Introduction: Burst wave lithotripsy is an experimental technology to noninvasively fragment kidney stones with focused bursts of ultrasound (US). This study evaluated the safety and effectiveness of specific lithotripsy parameters in a porcine model of nephrolithiasis. Methods: A 6- to 7-mm human kidney stone was surgically implanted in each kidney of three pigs. A burst wave lithotripsy US transducer with an inline US imager was coupled to the flank and the lithotripter focus was aligned with the stone. Each stone was exposed to burst wave lithotripsy at 6.5 to 7 MPa focal pressure for 30 minutes under real-time image guidance. After treatment, the kidneys were removed for gross, histologic, and MRI assessment. Stone fragments were retrieved from the kidney to determine the mass comminuted to pieces <2 mm. Results: On average, 87% of the stone mass was reduced to fragments <2 mm. In three of five treatments, stones were completely comminuted to <2-mm fragments. In two of five treatments, stones were partially disintegrated, but larger fragments remained. One stone was not treated because no suitable acoustic window was identified. No injury was detected through gross, histologic, or MRI examination in the parenchymal tissue, although petechial damage and surface erosion were identified on the urothelium of the collecting system limited to the area around the stone. Conclusion: Burst wave lithotripsy can consistently produce stone fragments small enough to spontaneously pass by transcutaneous administration of US pulses. The data suggest that such exposures produce minimal injury to the kidney and urinary tract.

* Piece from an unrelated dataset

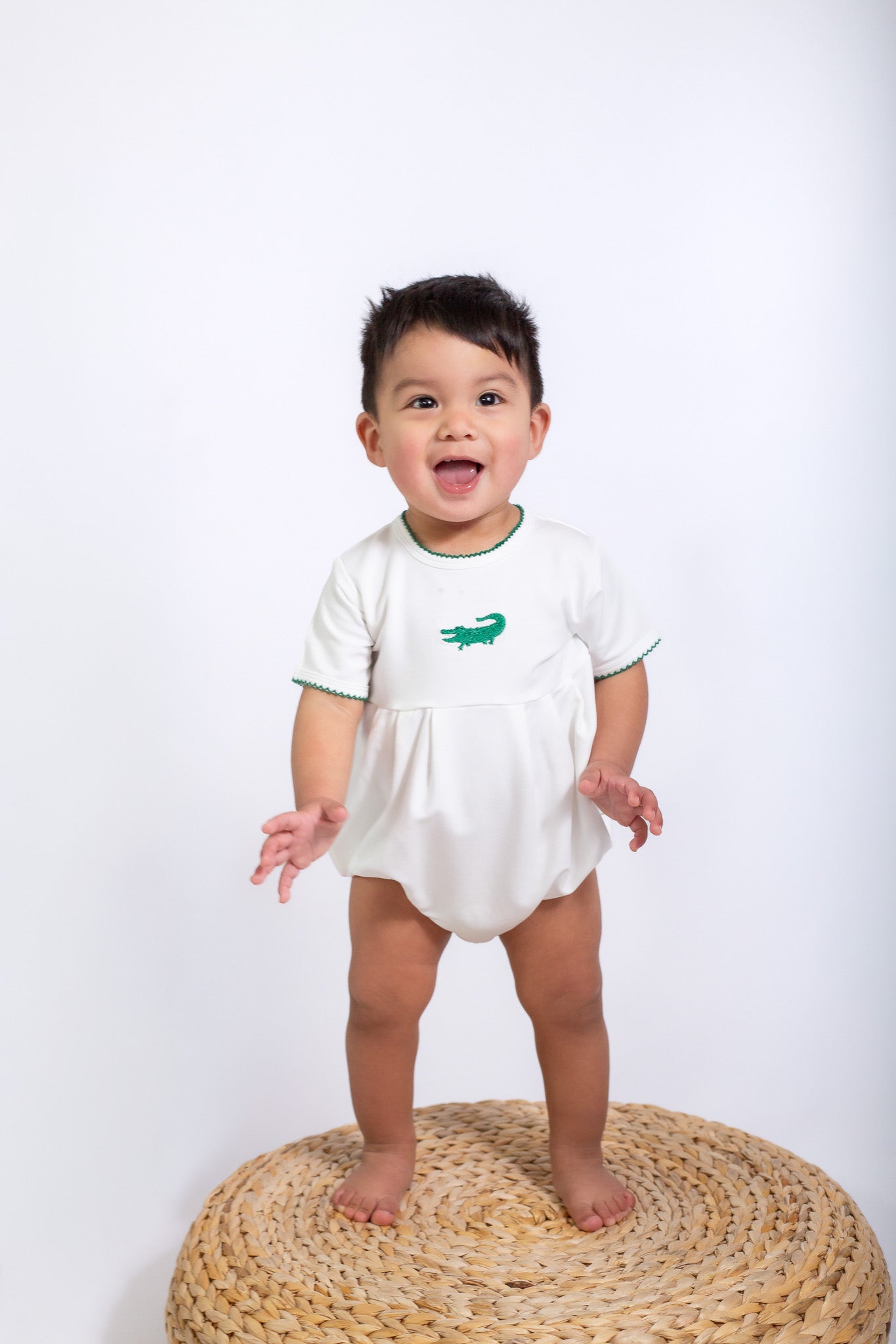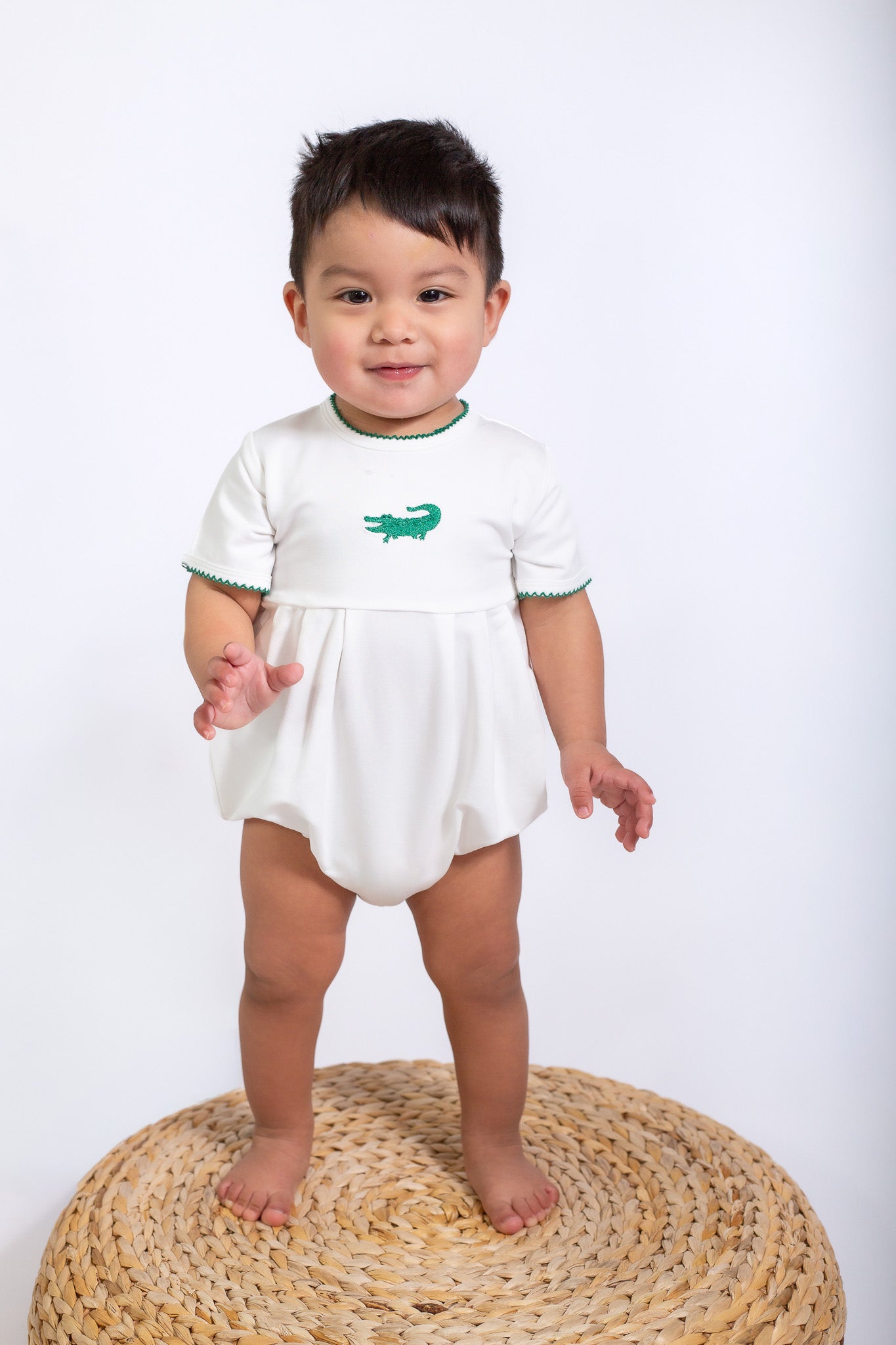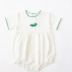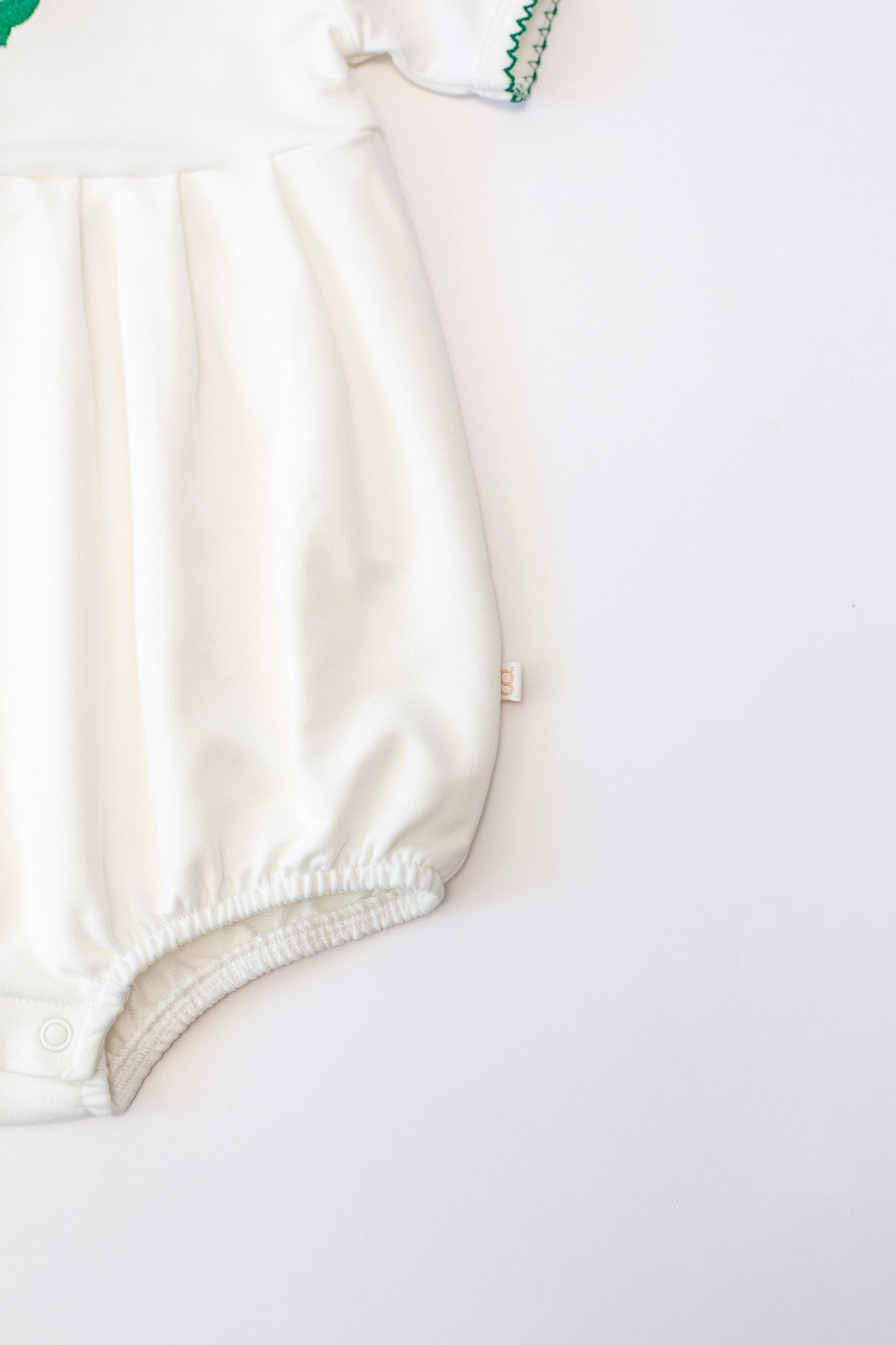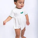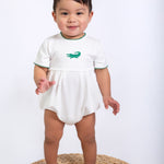 A timeless staple with the sweetest details 🤍 This crisp white bubble romper features a delicate embroidered icon at the chest, soft picot trim along the neckline and sleeves, and a gently gathered silhouette for an effortlessly classic look. Designed with comfort and ease in mind, it includes neck snaps and bottom snaps for quick changes.

Detection and Evaluation of Renal Injury in Burst Wave Lithotripsy Using Ultrasound and Magnetic Resonance Imaging

PURPOSE

Burst wave lithotripsy (BWL) is a transcutaneous technique with potential to safely and effectively fragment renal stones. Preclinical investigations of BWL require the assessment of potential renal injury. This study evaluates the capabilities of real-time ultrasound and MRI to detect and evaluate BWL injury that was induced in porcine kidneys.

MATERIALS AND METHODS

Ten kidneys from five female farm pigs were treated with either a 170 or 335 kHz BWL transducer using variable treatment parameters and monitored in real-time with ultrasound. Eight kidneys were perfusion fixed and scanned with a 3-Tesla MRI scanner (T1-weighted, T2-weighted, and susceptibility-weighted imaging), followed by processing via an established histomorphometric technique for injury quantification. In addition, two kidneys were separately evaluated for histologic characterization of injury quality.

RESULTS

Observed B-mode hyperechoes on ultrasound consistent with cavitation predicted the presence of BWL-induced renal injury with a sensitivity and specificity of 100% in comparison to the histomorphometric technique. Similarly, MRI detected renal injury with a sensitivity of 90% and specificity of 100% and was able to identify the scale of lesion volumes. The injuries purposefully generated with BWL were histologically similar to those formed by shock wave lithotripsy.

CONCLUSIONS

BWL-induced renal injury can be detected with a high degree of sensitivity and specificity by real-time ultrasound and post-treatment ex vivo MRI. No injury occurred in this study without cavitation detected on ultrasound. Such capabilities for injury detection and lesion volume quantification on MRI can be used for preclinical testing of BWL.